There’s only been one moment in recent memory that has actually brought change within me, internally, in regards to how I view my world. It was January 4, 2014 after work I walked Toby(my dog) in nearby bush track at Mt Charlie, I was thinking to myself and frustrated with my introvertedness and my fear of reaching out to new people. Then this thought sprung into my mind, ‘let go of all fears and assumptions in your mind and look at the possibilities unfold before your eyes’. Now this may sound rather unprofound to you, but when something brings a revelation to yourself, you feel changed and those words are like a mantra for me, well, that’s if I remember to re-sight them when I’m feeling awkwardly quiet. But it’s like a starting point for me, to overcome my habitual fears. I want more change like this occur, but I don’t think I can just will it to happen, it happens in its own time and I think I just need to be in a place which allows me to be free and to own my own feelings, then more change is likely to occur. But doing so goes against all my ingrained nature. Also for me it’s the natural world, the bush, the trees the dirt which I get my energy from, I think I need to own this, then I can grow as the nature around me grows, perhaps?

Choose to live in the Anomaly for once..

“I owe my survival to a morning three years earlier when dust filled the air and i washed my face, wedged a roll of paintings under my arm, and paid a visit to an artist i never met before”
– Er Tai Gao, from his book ‘in search of my homeland’.

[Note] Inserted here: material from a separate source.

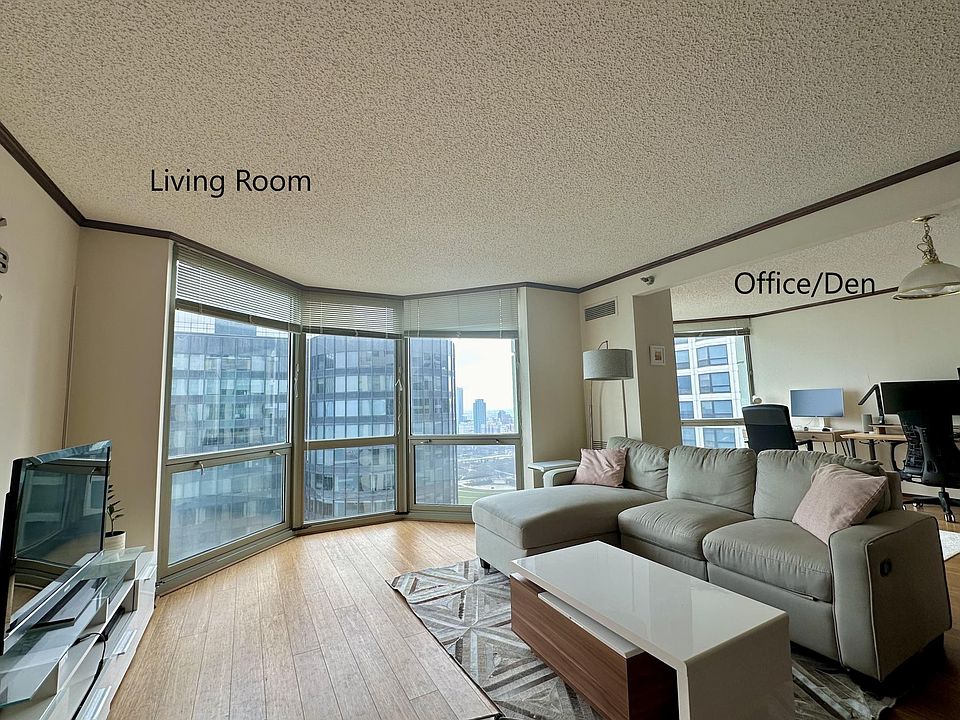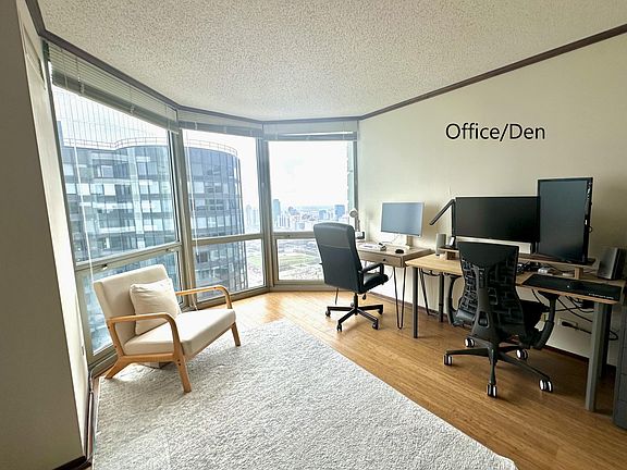 Located in Lakeshore East, this 2Bed + Office, 2 Bath offers a beautiful South-Facing view of the lake and city with views of Millennium Park. Conveniently located with easy access to Lakeshore Dr. as well as 290/90 highways via Lower Wacker, the Parkshore building is located right next to Lakeshore East Park which hosts a grocery stores, restaurants, a playground and even a dog park. In-building parking space included.

I had a dream last night that i was in some orderly group of guys, who were part of something together, then i had a sudden urge to walk out of the building the group was in and go for a walk, then on my return someone had come into the building and taken control of the group, and the guys were caught by the enemy. Upon waking from this dream i remembered the above sentence from a book i am reading, which i remember stood out to me as significant. I think the dream was a way for me to learn the concept of what i will call ‘living in the anomaly’. For example, Have you ever been in a group situation, where you were around friends or work mates and within yourself felt a sudden urge to do something rebellious, to go do your own thing, simply because¬† you have a desire to try something different? Then perhaps you ignored that feeling and joined in the conversation and acted interested, then went home as per usual.¬† The point i want to bring to your attention is, what if you did that something different?
How many movies are about people falling in love with strangers, or the kindness of strangers. We all want someone or something to come into our world that either saves us from trouble or gives us what we want but didn’t know how to attain ourselves.
Unfortunately our fear of the world, prevents a lot of us from embracing the risk of choosing the crazy liberating idea in our heads and instead we’re settling for more subtle, controllable expressions and actions so we aren’t seen as too weird for some.
The people around you are waiting for something they can’t describe, but mostly they want to feel connected, they want to be heard, they want to feel helpful, and there’s a chance that by you making an uncommon choice, by you listening to your often unspoken desires, by you walking a different path, talking to a new person, helping that stranger in the street, by you simply deciding to make a change to your daily routine, you may find something special, you may be the stranger the other person has been waiting for, so don’t be afraid to live in the anomaly as much as you want to, which is simply; to live with an open mind to change your behaviour and choices, and listen to your personal instinct, rather than silence it for the assumed good of those around you. Er Tai Gao had his life saved because he took a chance to meet with a stranger and that stranger saved him later in life from a death at a hard labour camp in china, so it’s the choice to change things in your life, to question your behaviours and to give yourself permission to make the different, possibly outrageous decisions in your daily life that lay dormant within yourself, which could be what those around you are waiting for, but it also could be what you need to do to save your own life.